# kusang naligaw sa kanyang bank-account



## romelako

Hello everyone.  I just needed a quick translation of the following text.  My only problem with this entire excerpt is the bolded part.  

“Yes, parang gano’n. Pero hindi naman ninakaw ng taong sinasabi ko ang 10 million, Bentley, *kusang naligaw sa kanyang bank-account...*”

I can't directly translate it, but I think it's trying to say that the bank account was purposely lost.  I'm not sure though.  Clarification please?  Thanks in advanced.

~ Romel


----------



## niernier

it says that the 10 million was "spontaneously" transferred or moved to his account.

naligaw means "lost" but it is idiomatic in the sense that instead of going to the preferred bank-count it was transferred to another account. It's closer to the meaning of "misplaced" in this context. 

kusa means happening without external cause or control.
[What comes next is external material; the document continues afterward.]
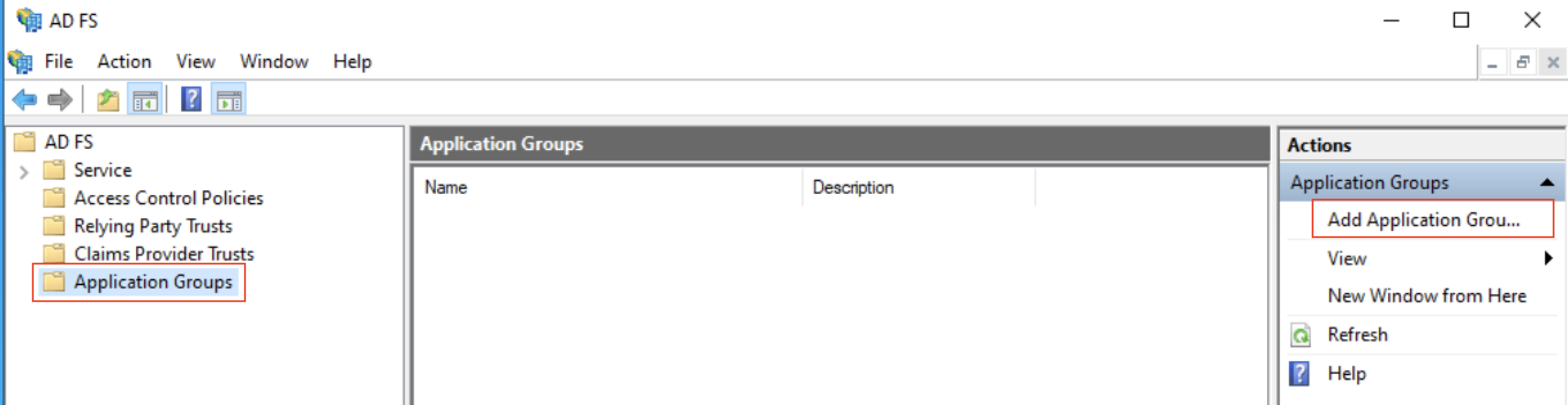 - Dans la console d'administration AD FS, naviguer dans le menu Application Groups

If I am not wrong, the word for this in English is spontaneous.

so "kusang naligaw sa kanyang bank account" means that the money was not stolen but spontaneously transferred to his back account.

The whole text can be translated to:
*
"But the person I was talking about didn't stole the 10 million, Bentley, it just went to his bank account"*


----------



## DotterKat

I agree with niernier's suggestions.
Also, you could say that "..... he did not steal the 10 million, Bentley, it was just *misdirected* _OR _*wrongly transferred* into his account."

In newspaper accounts of this type of incident happening, the term used was "wrongly transferred."


----------